MPMAs: ensembling
An ensemble combines the predictions of multiple trained MPMAs. EnsembleSweep searches over all combinations of construction strategy, pool size, and diversity weight, then returns the single best configuration. See the Ensemble sweep tutorial for a worked example.
SweepConfig parameters
| Parameter | Description |
|---|---|
experiment_dir | Root directory of the experiment, containing all individual model results. |
optimize_metric | Metric used to rank ensembles. "halo" is the composite HALO score. Alternatives include "nmcc", "auc", "f1". |
mode | Evaluation split to optimise on. "inner_validation" uses the inner CV folds produced during training, so no test data is touched. |
min_models | Minimum number of member models per ensemble (default 2). |
max_models | Maximum number of member models per ensemble. |
pool_sizes | List of candidate pool sizes to search over. Each value controls how many models are pre-selected before a selection strategy is applied. Defaults to [50, 100, 200]. |
diversity_weights | List of diversity penalty weights to try. Higher values favour ensembles whose members disagree more with each other. Defaults to [0.1, 0.3, 0.5, 0.7]. |
prob_models_only | When True, only models that output calibrated probabilities are eligible. Required by all probability-based aggregation strategies. |
include_transforms | Restrict the candidate pool to models trained with these transformation types. |
exclude_transforms | Exclude models trained with these transformation types (e.g. ["ILR", "ALR"]). |
must_include_models | Force specific model paths to always appear in the ensemble. |
use_calibrated | Use probability-calibrated model variants when available. |
member_selection_strategies | List of construction strategies to evaluate. When None, all strategies are tried. See Member selection strategies below. |
aggregation_strategies | List of combination methods to evaluate. Prefix matching is supported ("power_mean" matches all variants). When None, all methods are tried. See Aggregation strategies below. |
compute_oracle | When True, also computes the oracle upper bound: the best score achievable by any (K, method) combination over all models. Useful as a ceiling reference. |
quiet | Suppress progress output. |
Member selection strategies
Member selection determines which trained MPMAs are included in the ensemble.

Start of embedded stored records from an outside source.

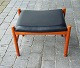 Skammel med stel af teaktræ med polstret sæde i sort nappa. Skamlen er fra H.F. Spøttrup, Denmark. Skamlen er i pæn stand med enkelte rifter på den ene ben.
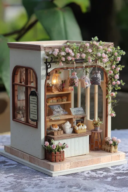 Midjourney Bot 更新时间:2026-01-02 00:20微缩场景,1:24比例双层治愈系面包房,建筑周边是铺满浅米色碎石的小庭院,角落摆迷你铁艺花架,爬满淡粉色蔷薇,旁边立复古木质小招牌,印着手写体面包店名字;面包房墙体是温柔奶白色肌理感墙面,搭配浅原木色包边,一层外墙挂着复古铁艺挂钩,挂着3个迷你帆布烘焙袋;一层门窗是复古格纹推拉玻璃窗,带原木色窗框,玻璃上凝着细碎水汽,贴着手绘小面包贴纸,二层是两扇拱形小窗,挂着米白色亚麻半帘,帘边绣浅棕色麦穗图案;内部一层是操作区+堂食区,操作区有原木色迷你操作台、银色小烤箱、陶瓷发酵盆,台面上摆着黄油块、面粉袋、迷你擀面杖,玻璃展示柜里整齐码着牛角包、可颂、全麦吐司、蔓越莓欧包、碱水结、流心芝士包,色泽金黄油亮;堂食区放2组原木色迷你小桌椅,搭配米色棉麻小坐垫,角落立迷你落地灯,旁边摆一个矮木架,放着复古搪瓷杯和迷你绿植;二层是储物+休闲小阁楼,放着原木储物架,摆着密封玻璃罐(装着谷物、咖啡豆),角落放1个懒人小沙发,铺浅灰色针织毯;灯光是暖黄色柔光,主要光源来自一层操作台上方的复古吊灯、窗边壁灯,二层阁楼的星星串灯,光线柔和不刺眼,照亮面包的细腻纹理,整体画面通透干净,细节拉满,治愈氛围感拉满,8K高清,景深效果,细节极致刻画。 --ar 2:3 --v 7 --c 11 --stylize 100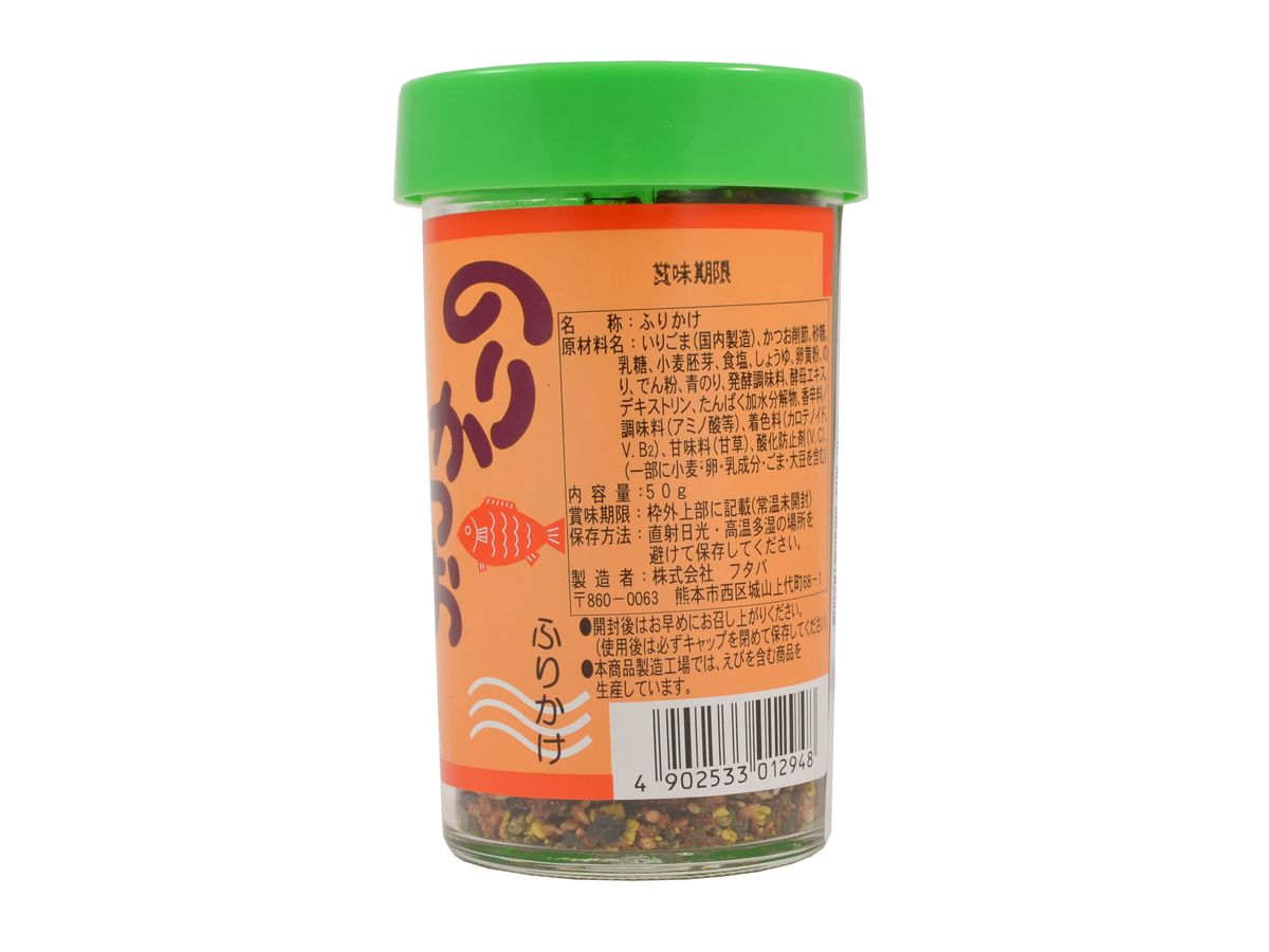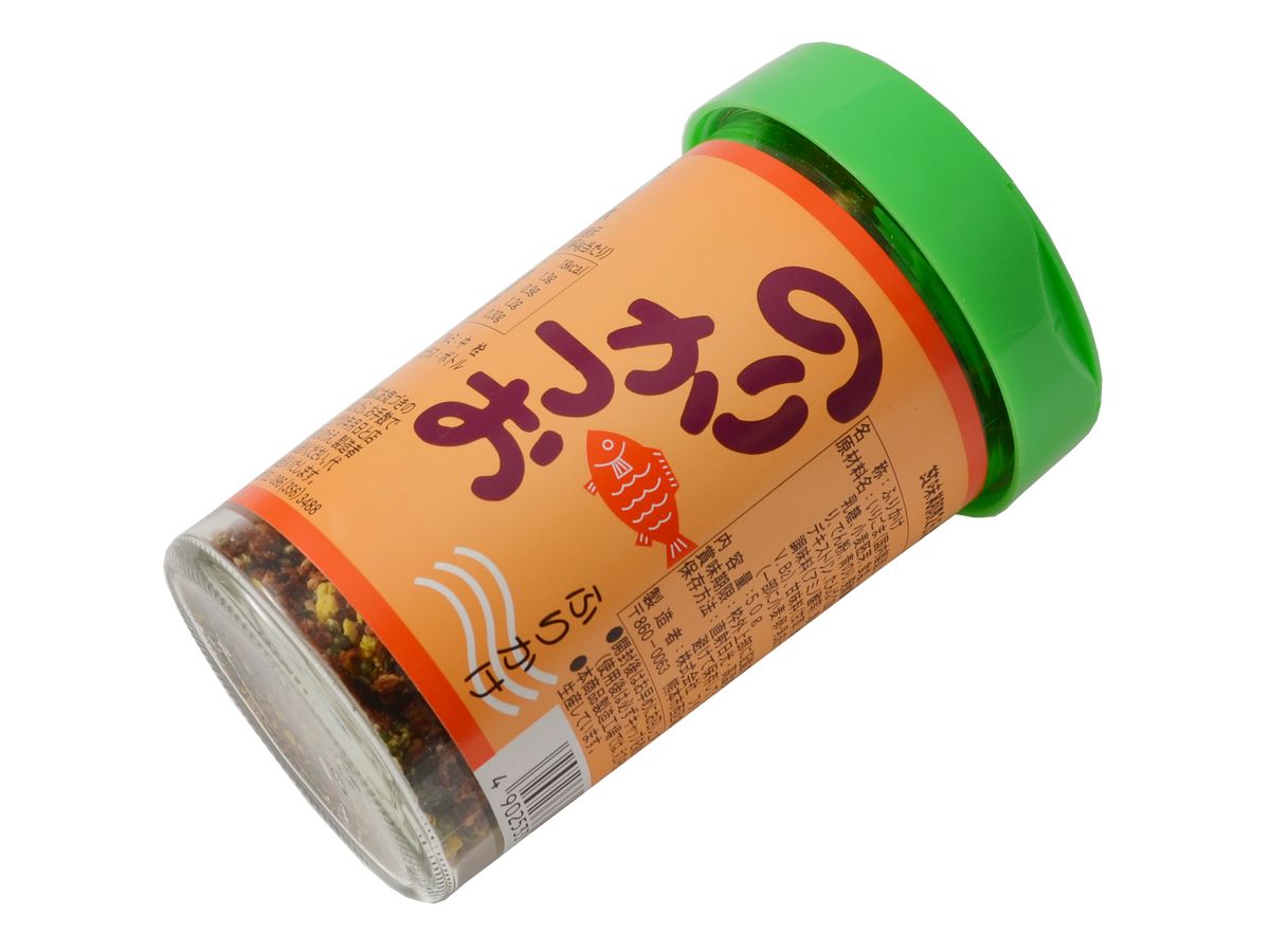 pražený bílý sezam, sušené rybí vločky 22%, cukr, laktóza, pšeničné klíčky, sůl, sójová omáčka (voda, odtučněné sójové boby, pšenice, sůl), vaječný prášek, sušené mořské řasy 3,5% (nori), škrob, zvýrazňovač chuti: E621, E635, E640, aroma, E331, E508 a E327, sušené mořské řasy (aonori) 1,5%, fermentované koření (glukózový sirup, fruktózo-glukózový sirup, cukr, rýže, sůl, koji), výtažek z kvasnic (kvasnice, maltodextrin), barvivo: E160c, E160a a E101, maltodextrin, hydrolyzovaný protein (sójové boby, kukuřice,pšenice, kvasnice), česnek, lékořice, antioxidant: E300.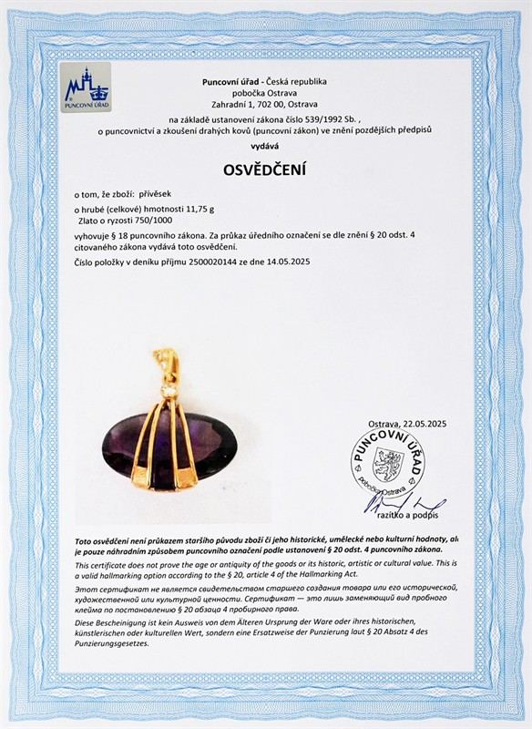 č. 179 624 Zlatý přívěsek s přírodním ametystem a diamantem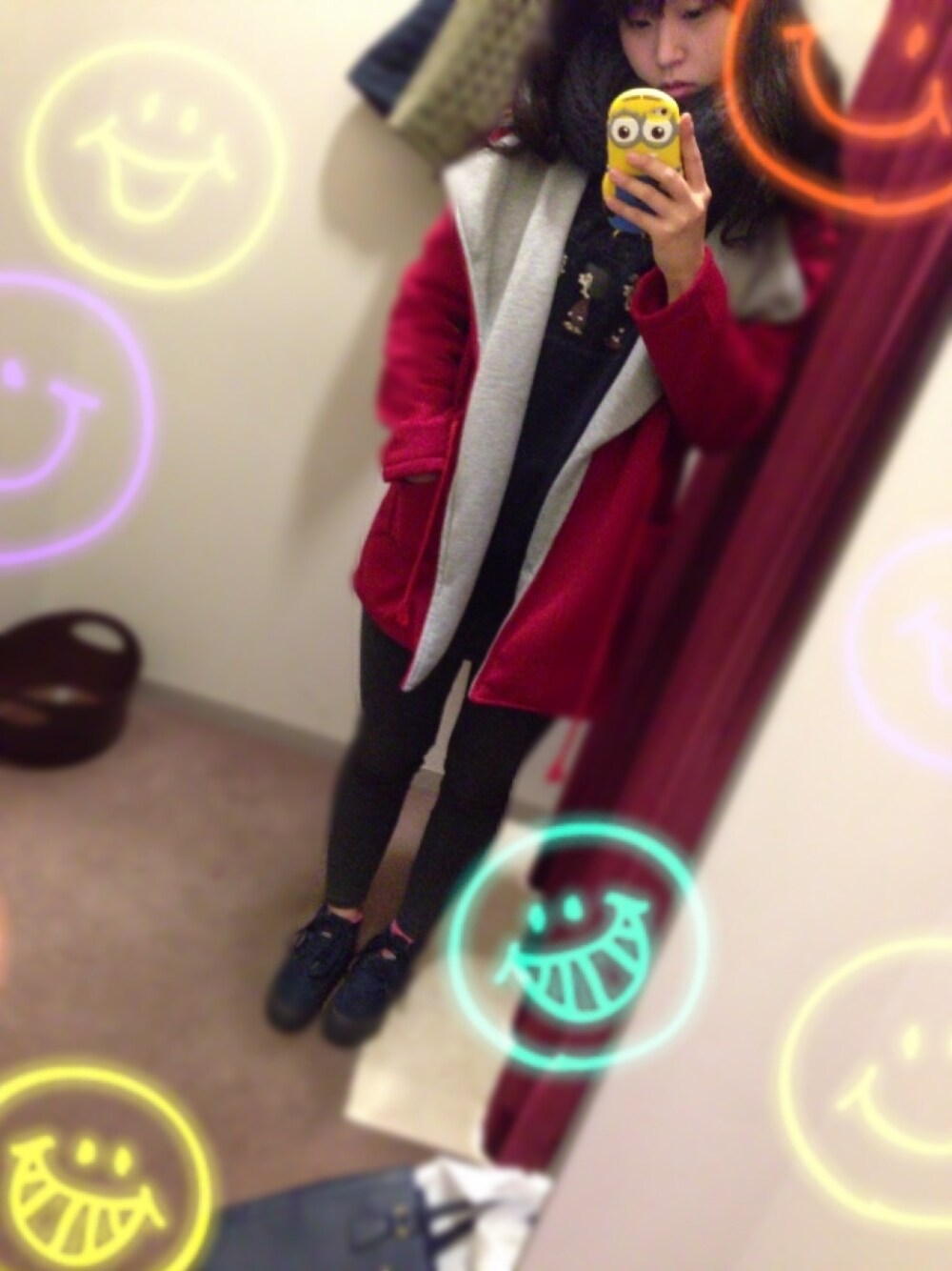 寒い!! コート//韓国ネットで購入 トレーナー//韓国で購入 スカートレギンス//韓国で購入 スニーカー//韓国で購入
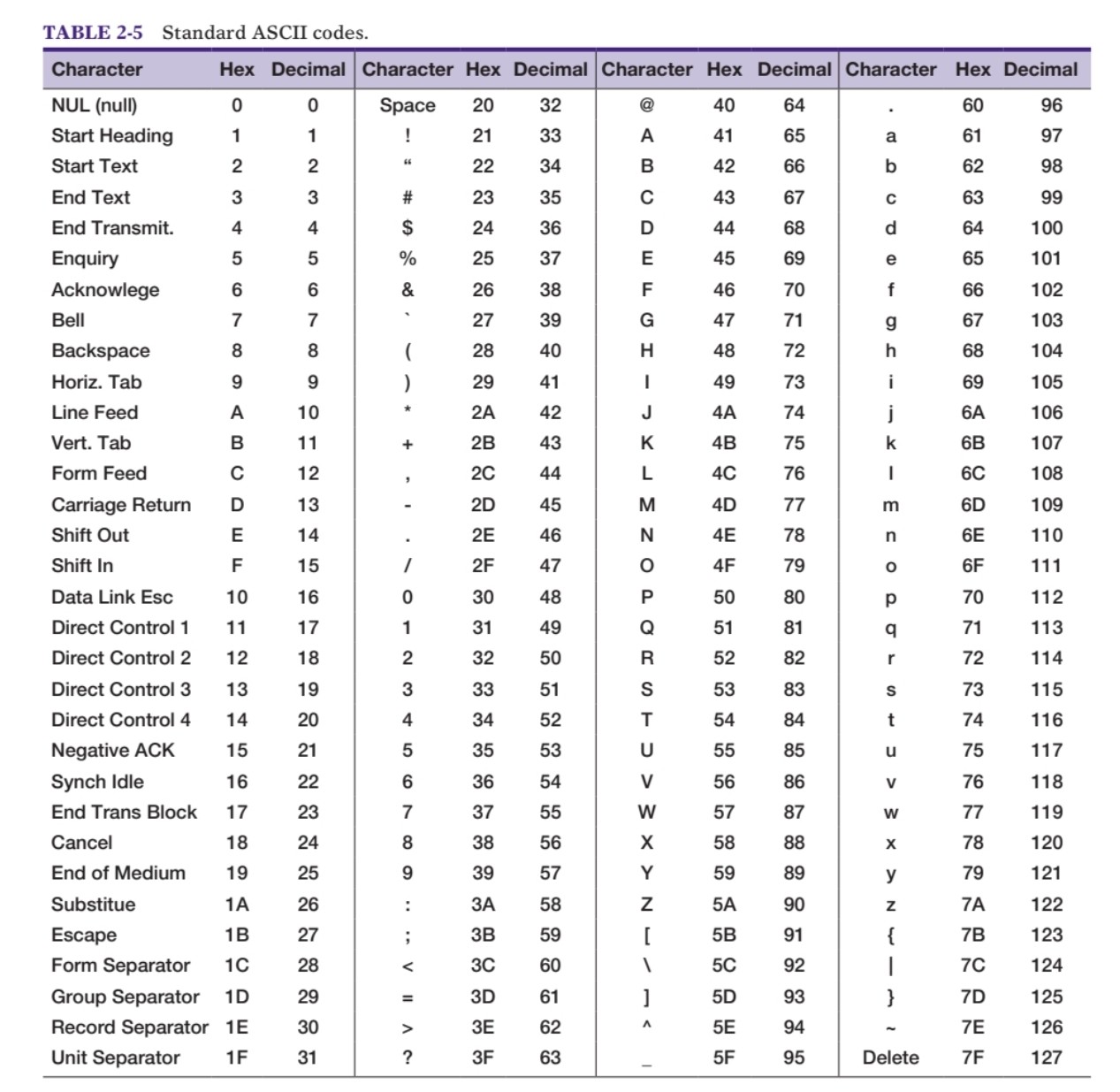 아래는 Standard ASCII code의 Table이다.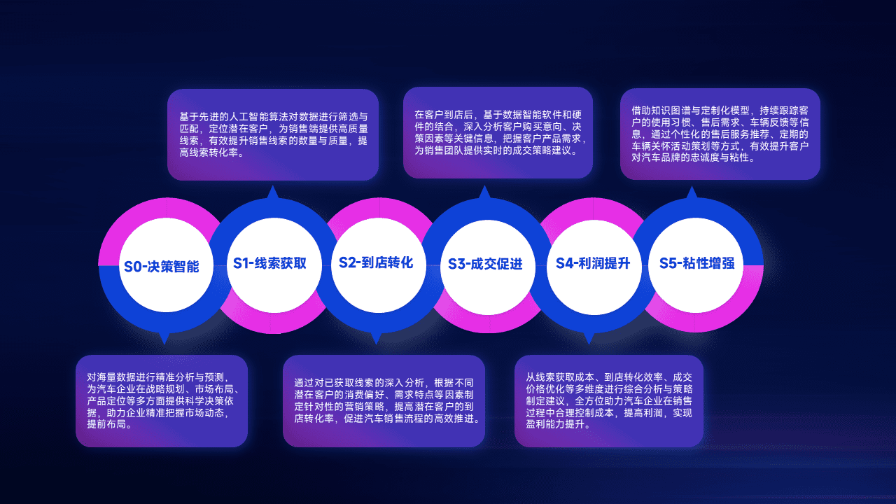 通过拓宽潜在客户来源、、、、优化线索分配并提高到店转化率,,,,以增强销售效率。。同时,,,利用线索数据不断优化分析模型,,,,有效提升转化率,,扩大营销影响力。。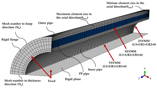 For the parametric study, the sandwich pipe models were simplified as an axisymmetric 1/8 model, as shown in Figure 9. In the parametric analysis, the overall ovality is used as the main parameter of the initial defect of the pipe, and the ovality is determined by Formula (2). The ellipse tool in ABAQUS is used to draw and create a sandwich tube. The contact condition of the sandwich pipe is completely consistent with the model in the verification part. The interaction between the steel pipe and core layer is defined by a penalty contact algorithm with no friction [31]. As shown in Figure 9, to save the calculation cost, the model is simplified to a 1/8 model. Two sides of the model are provided with symmetrical boundaries, respectively (U1 = UR2 = UR3 = 0, U2 = UR1 = UR3 = 0), one end connected to the flange is completely fixed (U1 = U2 = U3 = UR1 = UR2 = UR3 = 0), and the other end is a symmetrical boundary along the pipe axis (U3 = UR1 = UR2 = 0). The setting of boundary conditions is the same as Gong et al. [24]. The contact between the rigid plane of the model and the inner surface of the inner pipe is non-friction and hard contact, and the separation is allowed after the contact for the simulation of the process of pipe buckling propagation.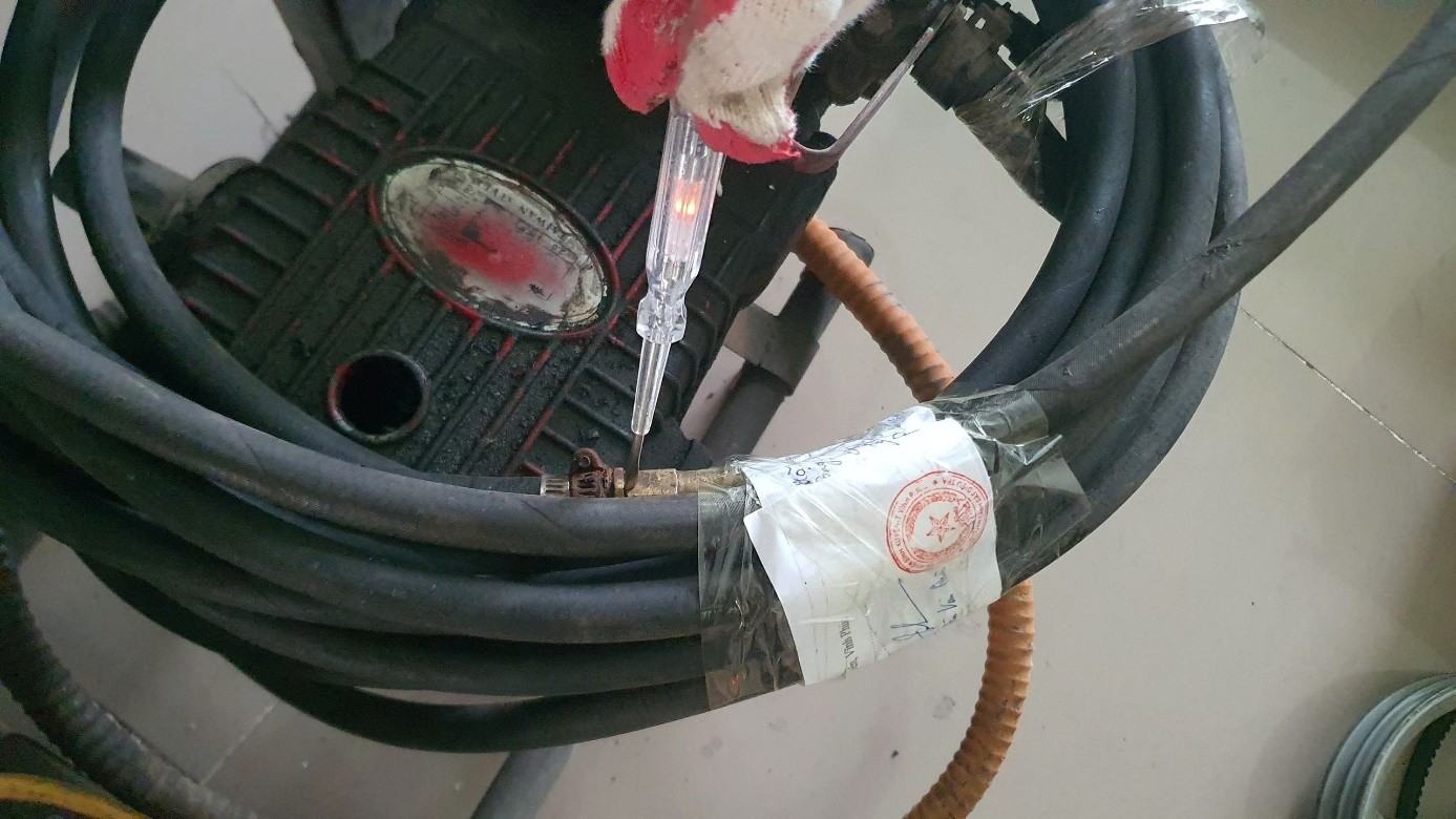Máy bơm cao áp bị rò điện tại phần hở kim loại không có lớp sơn cách điện và tại cuộn dây nối với máy bơm Các vụ việc trên là lời cảnh báo nghiêm khắc về nguy cơ rò điện từ các thiết bị sinh hoạt, sản xuất, hiểm họa luôn tiềm ẩn trong mỗi gia đình, cơ sở làm việc nếu không tuân thủ các quy tắc an toàn.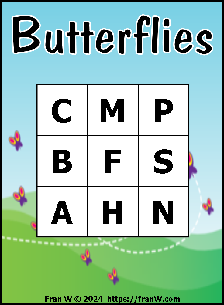Use the letters below to come up with facts and words directly related to Butterflies based on your personal experiences, things you know (facts), observations, and likes.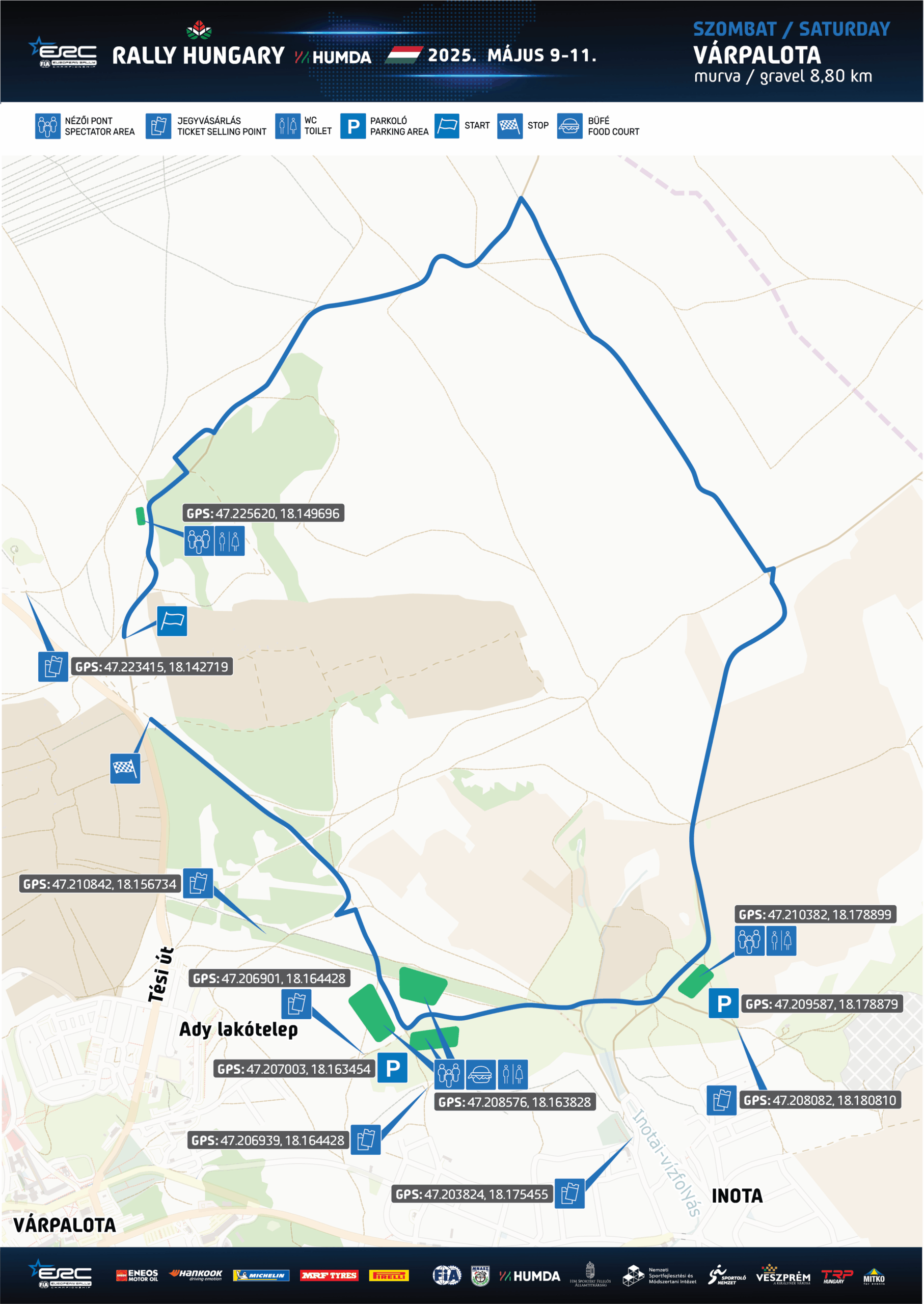 *A térképet letöltve, a koordinátára kattintva a GPS egyszerűen elnavigál a kiválasztott nézői vagy jegyértékesítési pontra és a parkolóba!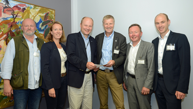 Her overrekker Runar Rugtvedt (i midten til høyre) de fem organisasjonenes felles opprop til statssekretær Lars Andreas Lunde (i midten til v.). Fra venstre mot høyre er: Nils Solberg i Folkeaksjonen ny rovdyrpolitikk; Anne G. Delphin i NORSKOG, Olav Veum i Norges Skogeierforbund og John Deighan Hanssen fra Utmarkskommunenes Sammenslutning. (Foto: Åsmund Lang)

| Strategy | Parameters | Description |
|---|---|---|
top_k | max_models | Sorts all models by their validation score and selects the top max_models. No diversity consideration. |
stratified | max_models | Groups models into strata by (transform_type, model_family) and allocates an equal number of slots per stratum, choosing the best scorer per stratum. Remaining slots fill from the global ranking. |
diverse | top_k_pool_size, diversity_weight, max_models | Pre-selects the top-pool_size models, then uses greedy selection maximising a combined score: (1 − w) × performance + w × (1 − mean_abs_correlation), where correlation is computed from Pearson correlation of prediction vectors across all folds. |
diverse_families | top_k_pool_size, diversity_weight, max_models | Same greedy framework as diverse, but the diversity term combines prediction correlation (50%) and algorithm-family novelty (50%): a model from a family not yet in the ensemble gets full family-novelty credit. |
clustered | top_k_pool_size, max_models | Builds four separate candidate pools (top-K, diverse, stratified, clustering-based) and searches all of them. The clustering pool uses Ward-linkage hierarchical clustering of `1 − |
iterative | top_k_pool_size, diversity_weight, max_models | Seeds an ensemble with diverse selection, then iteratively improves it: for each position, tries every other candidate as a replacement and keeps the swap if it raises the ensemble’s validation score. Repeats for up to 3 rounds or until no position improves. |
interpretable | (none) | Restricts the candidate pool to tree-based and linear model families (RandomForest, ExtraTrees, GradientBoosting, HistGradientBoosting, LogisticRegression, DecisionTree, AdaBoost, Bagging, Ridge). Picks the single best per family, hard-capped at 3 models total. |
maximal_diversity | top_k_pool_size, max_models | Maximises three-axis diversity: prediction disagreement (30%), algorithm-family novelty (40%), and transformation-type novelty (30%). Performance acts only as a 10% tiebreaker: 0.1 × performance + 0.9 × diversity. |
borda_ranking | max_models | Computes per-model ranks independently for several metrics (primary validation score, mean AUC, mean nMCC) and for their standard deviations (stability metrics ranked ascending). The final Borda score is the mean rank across all metrics. Models with the lowest average rank are selected. |
greedy_forward | top_k_pool_size, max_models | Starts with the single model with the best per-fold AUC, then greedily adds the candidate whose addition to the current ensemble yields the largest AUC gain (using probability averaging). Stops when no candidate gives a positive gain. |
superlearner | min_models, max_models | Trains a Lasso-regularised logistic regression meta-learner on the stacked per-fold probability outputs of up to 30 pre-selected models. Cross-validates over 9 regularisation strengths on the inner folds. Models whose absolute meta-learner coefficient exceeds 1% of the maximum are kept. |
shapley_value | top_k_pool_size, max_models, min_models | Estimates each model’s marginal contribution via Monte-Carlo Shapley values (600 random coalition permutations, seed 42). For each permutation the metric gain from adding each model to its current coalition is accumulated. Models with Shapley value ≤ 0 are excluded. |
best_per_family | max_models | Groups models by algorithm family and selects the single best-scoring representative per family, sorted by family score descending. |
Aggregation strategies
Aggregation determines how the selected members’ predictions are combined into a final ensemble prediction.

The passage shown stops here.